By the end of this tutorial you will know how to use the GAIL algorithm provided in this library to solve an imitation learning problem where the expert are you.

If you did the 10_IRL_tutorial you almost know how to use GAIL because is very similar to DeepIRL usage. 

In [None]:
import gym
from gym.utils import play
from IL_Problem.base.utils.callbacks import Callbacks, load_expert_memories
from RL_Agent import dddqn_agent, ppo_agent_discrete_parallel
from RL_Agent.base.utils.networks import networks
from IL_Problem.base.utils.networks import networks_dictionaries as il_networks
from RL_Problem import rl_problem as rl_p
from IL_Problem.deepirl import DeepIRL
from IL_Problem.gail import GAIL
from tensorflow.keras.models import Model, Sequential
from tensorflow.keras.layers import Dense, Conv2D, Flatten, Input, MaxPooling2D
import numpy as np

# Collecting Expert Trajectories

In the next cell, you have take the role of an expert and play to Space Invader to record some experiences. For recording the experiences we use the calback provided in "IL_Problem.base.utils.callbacks.py". Finally we use the utility from Gym to play an envirnment "gym.utils.play".

In [None]:
env_name = "SpaceInvaders-v0"
env = gym.make(env_name)

In [None]:
cb = Callbacks()

To control the ship use "A" and "D" to move left or rigth and "space bar" to shoot. When you think that you have enough experiences close the environment in the cross (x) or using "Esc".

In [None]:
play.play(env, zoom=3, callback=cb.remember_callback)
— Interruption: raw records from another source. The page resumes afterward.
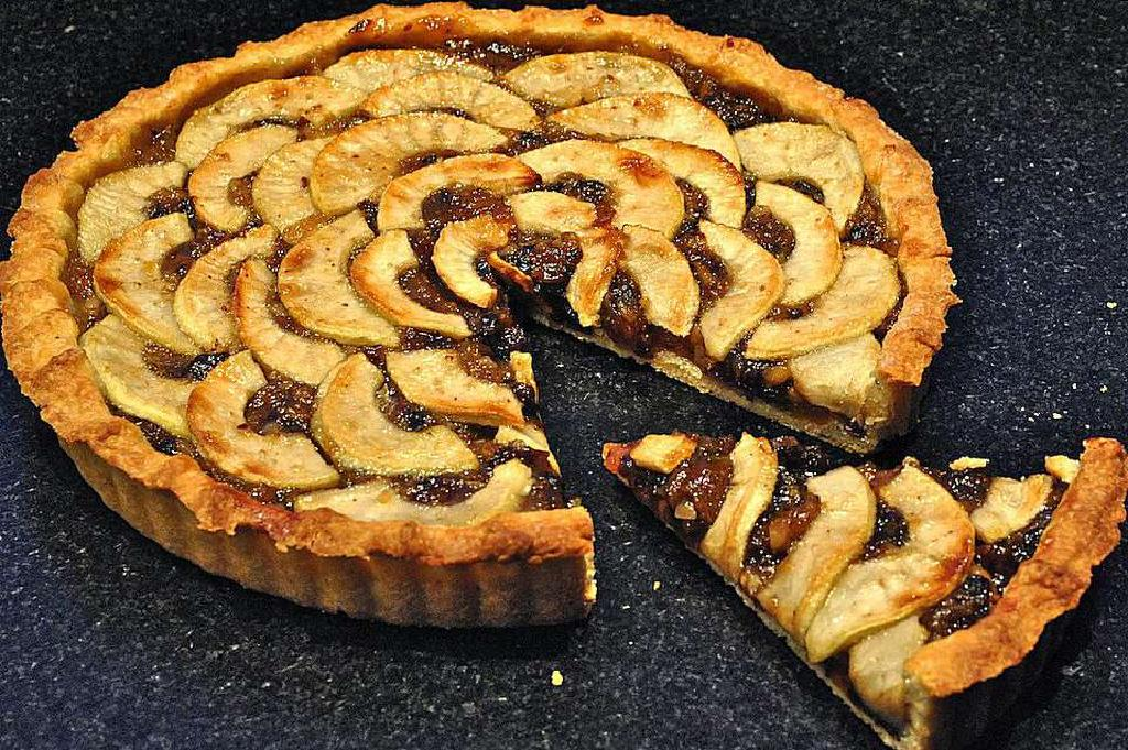 Отдельные пироги фарша - это классический британский рождественский подарок, но для внесения изменений еще один вкусный пирог - это фарш и яблочный пирог. Вместо небольшого отдельного молотого печенья, норковое мясо и яблочный пирог представляют собой целый открытый пирог с нарезкой, который является прекрасным лакомством во время чая или подается с ванильным рагу или соусом из бренди, хорошим пудингом.
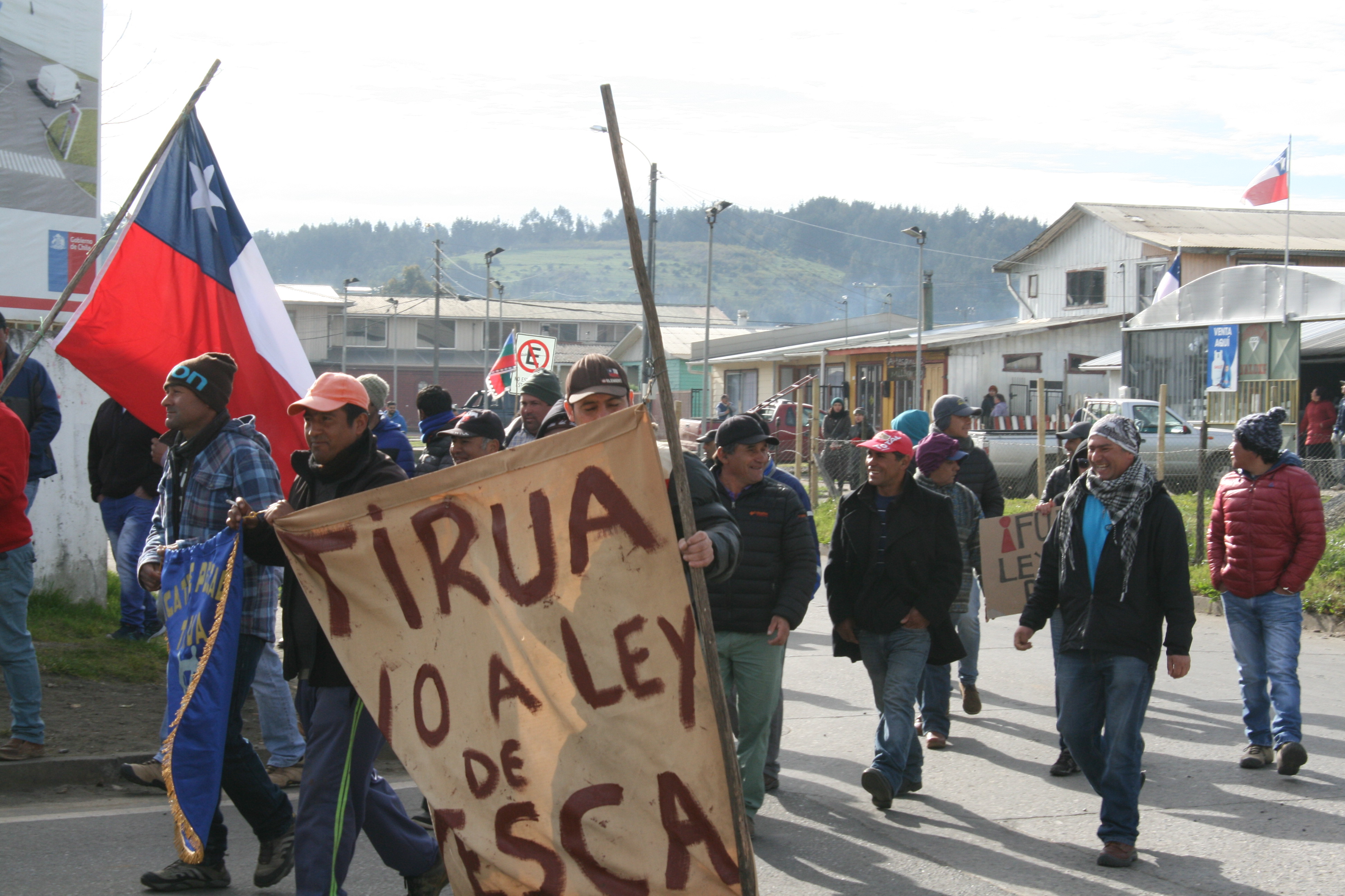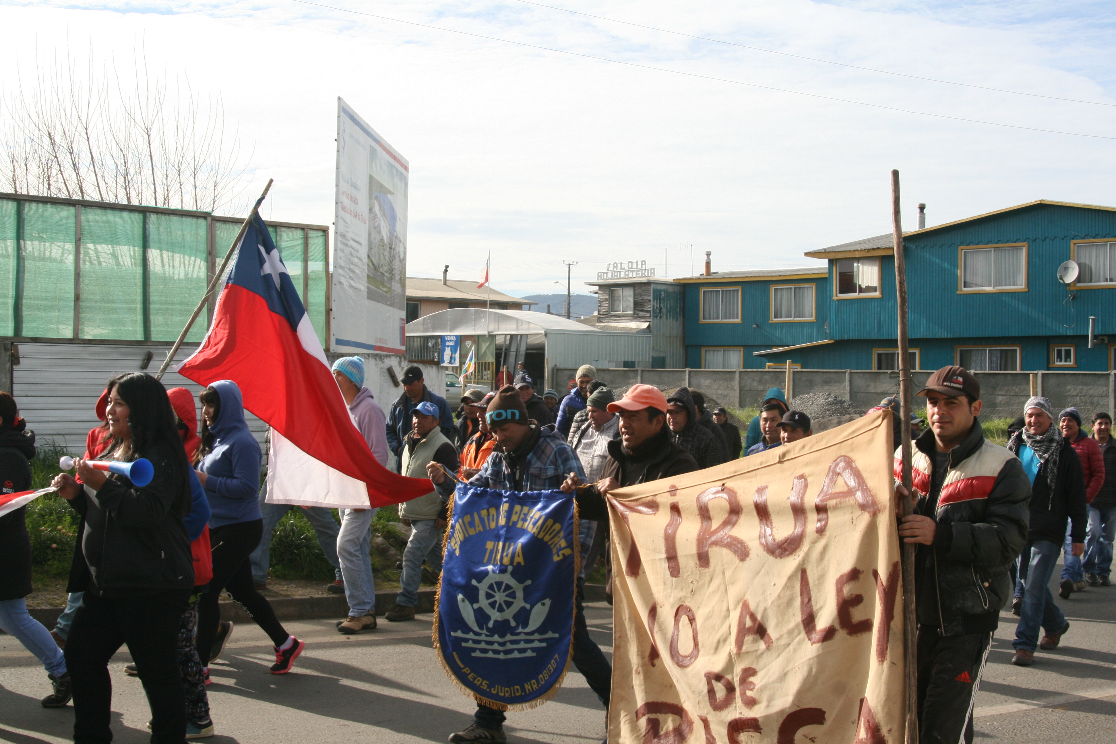 Pescadores de Tirúa y Quidico en la región del Bio bio se suman al Paro Nacional de Pescadores para pedir la anulación de la Ley de Pesca, conocida como Ley Longueira, que privatizó los recursos del mar para beneficio de siete familias, lo que mantiene molestados a los pescadores artesanales que por generaciones se han dedicado a este oficio.
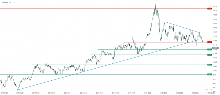 Wraz ze wzrostem napięcia między USA, a Chinami CHNComp zanurkował. Najbliższym poziomem wsparcia może być 11400 pkt. Następny w kolejce jest psychologiczny poziom 11000 pkt. Źródło: xStation5

Save the experience to disck.

In [None]:
exp_path = "expert_demonstrations/SpaceInvaders_expert.pkl"
cb.save_memories(exp_path)

# Define a RL Problem

## Preprocessing and Normalization

We want to preprocess the input images in order to reduce the dimensionality, crop the edges, convert to grayscale and normalize the pixel values. Here, we define the function to do all this stuff.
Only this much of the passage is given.